Edit: I am more surprised that the same person would run in multiple parties.
In reply to Grtechguy: On behalf of humanity I apologize for my state. Sigh
In addition to her great many other faults I just found out that my ex and her husband voted orange. Given her round heeled tendencies being grabbed by the __ sounds like something she'd welcome.
Berk it, I need another beer.
need to take a break from continuously hitting refresh.
Our polls are open 7am-7pm. SWMBO was in line at 6:40am and finished voting at 8:20am. I got in line at 4:30pm and was done in less than 10 minutes.

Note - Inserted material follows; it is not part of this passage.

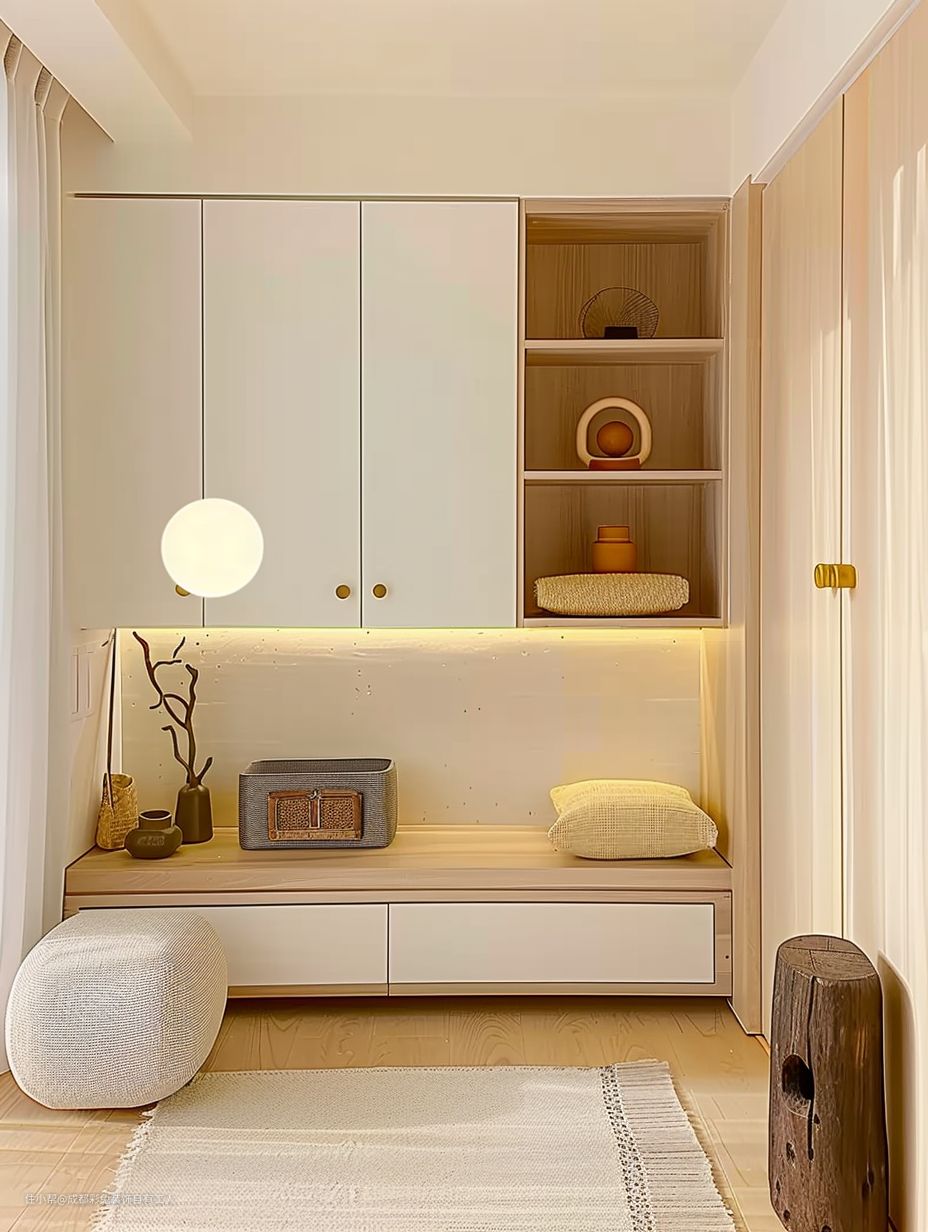 一进入家门,就能看到那精致的奶油色天地柜🥰,它不仅提供了充足的收纳空间,中部的留空设计还方便我们日常放置物品,搭配上舒适的换鞋凳,简直太贴心啦😘!再加上浅色的地面,让整个玄关看起来更加明亮宽敞,给人一种温馨又舒适的感觉💓。
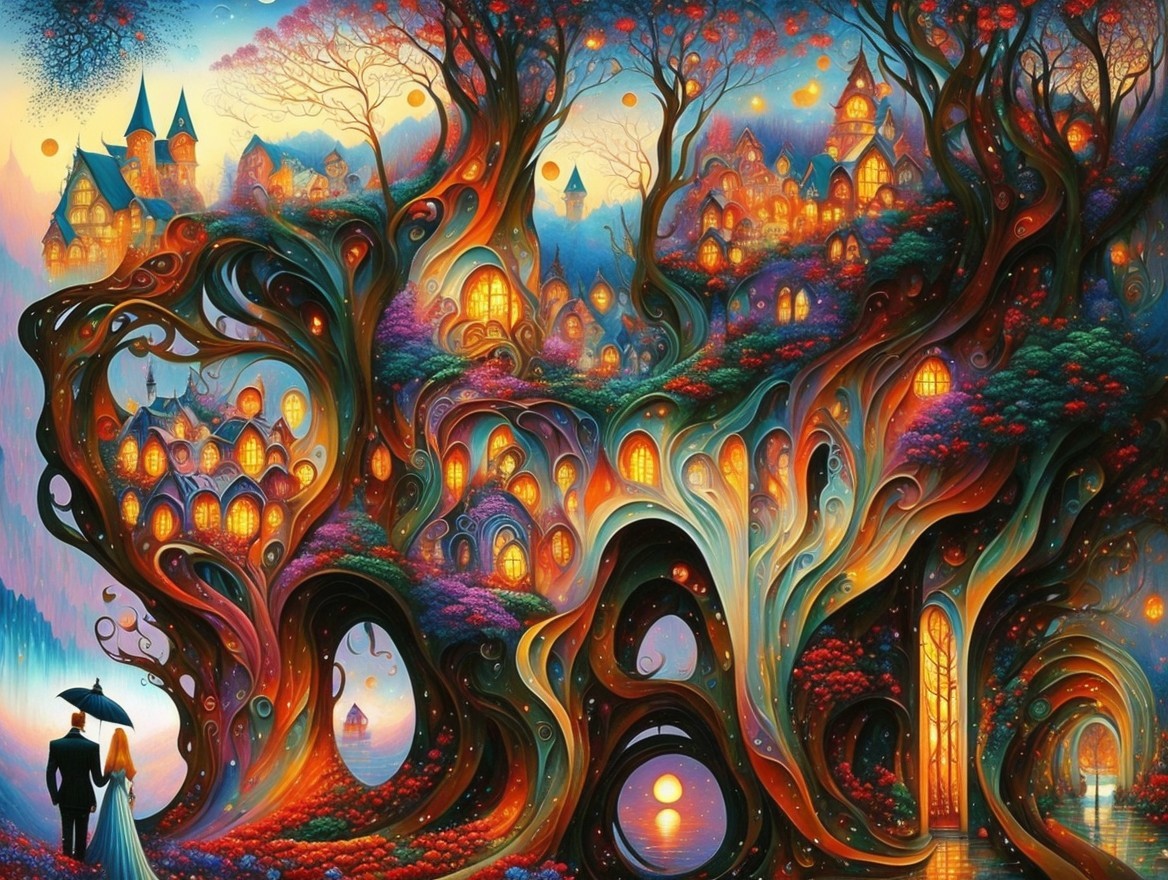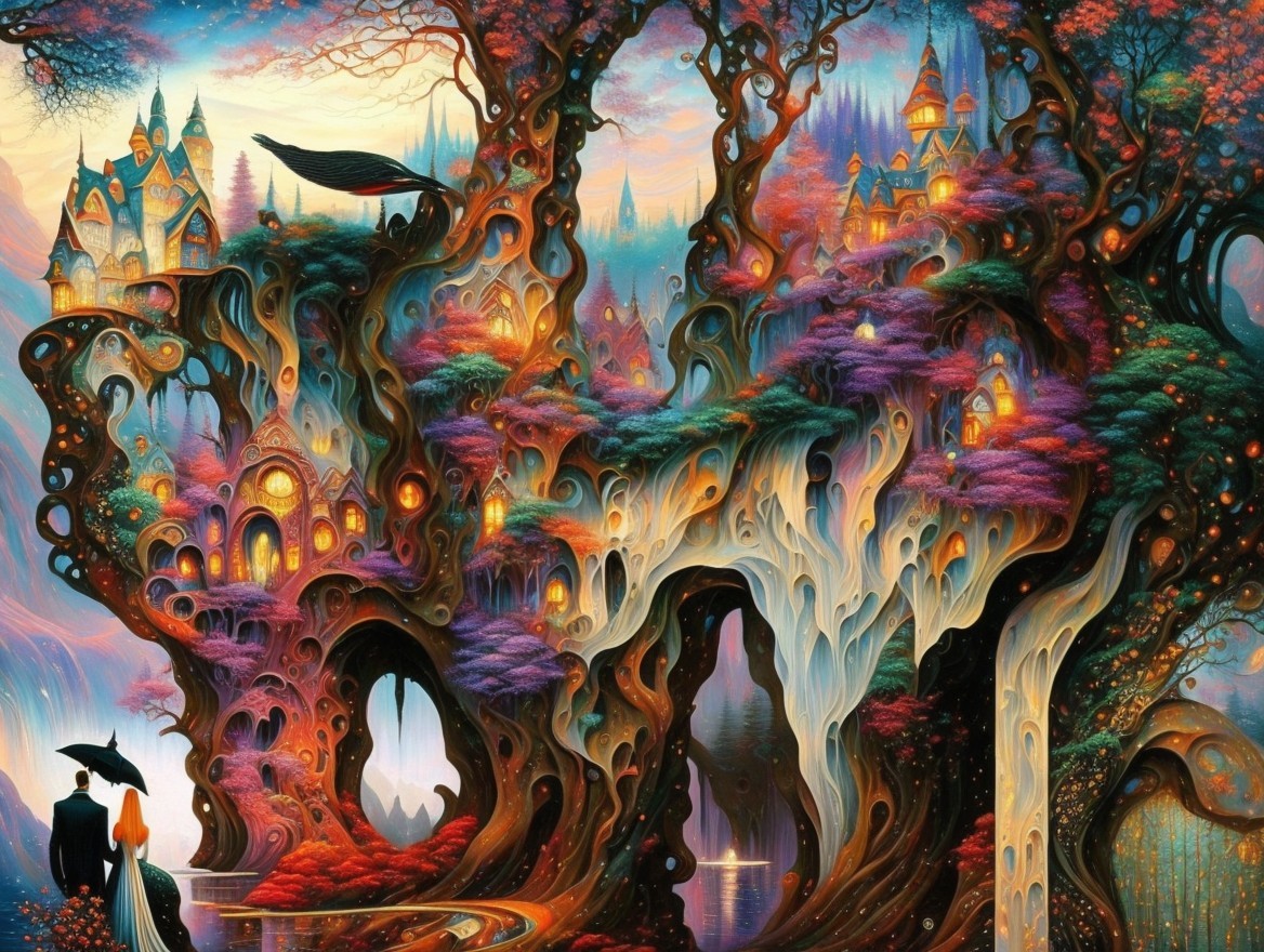 Vibrant Fantasy Artwork of Whimsical Tree Homes

There were 3 people ahead of me to sign in when I got in line and 10 machines. It is less efficient than it could be. We had 3 people checking in potential voters for 10 voting machines. My drivers license has a QR code on it and a magnetic strip. Why is some elderly person with poor vision trying to read my name (without their reading glasses) and one finger hunt & peck to type it into a computer?
But this was a significant improvement over 2012. In 2012, I got in line at 3:55pm and finished voting around 9:30pm. At that election, my polling place served double the registered voters it now has and there were only 4 machines (of which zero or one was working most of the day). The situation did not satisfy legal requirements for number of registered voters per machine and this happened at somewhere like 10-15 polling stations in the county. Several hundred voting machines remained in the warehouse and a significant number of the ones deployed had functionality problems. The county employee in charge of that fiasco was fired and the system revamped.
We did not have a single local race that was contested. The only 3 contested positions were President, US Senate, and US House of Representative. Every other race was uncontested. Gerrymandering has gotten out of control.
Well, I voted almost 3 weeks ago now. The polling place is on my running route so I just waited till I saw no line and placed my ballot really quick and finished my run. I'm sure the election officials loved me.
In reply to bmw88rider:
Mine was in a gym, and it was rank in there. Really bad.
I went around 6 tonight and waited for maybe 5-10 minutes at most. Apparently last names in my district are very heavily skewed towards the first half of the alphabet, as we A-L named folks waited while those entitled M-Z bastards walked right up.
Surprised how close this thing is right now.
Hit to poll at 6pm, there were about a dozen "booths" and only one open, but only 2 other peole ahead of me. Quick in and out, my ballot was in the high 900's.
Vote Quimby!
Comstock, your polling place describes this round of politics accurately.
Trump wins the electoral college.
Clinton wins the popular vote.
Sigh
mndsm
MegaDork
11/9/16 6:56 p.m.
iceracer wrote:
Trump wins the electoral college.
Clinton wins the popular vote.
Sigh
I was gonna make a remark about the state of it all, but am refraining from floundering this.
M2Pilot
HalfDork
11/9/16 11:08 p.m.
This year NC has provided a good example of how every vote can count. In the Governors race, there's only a 5000 vote difference. Winner won't be declared until provisional ballots are counted in a few days.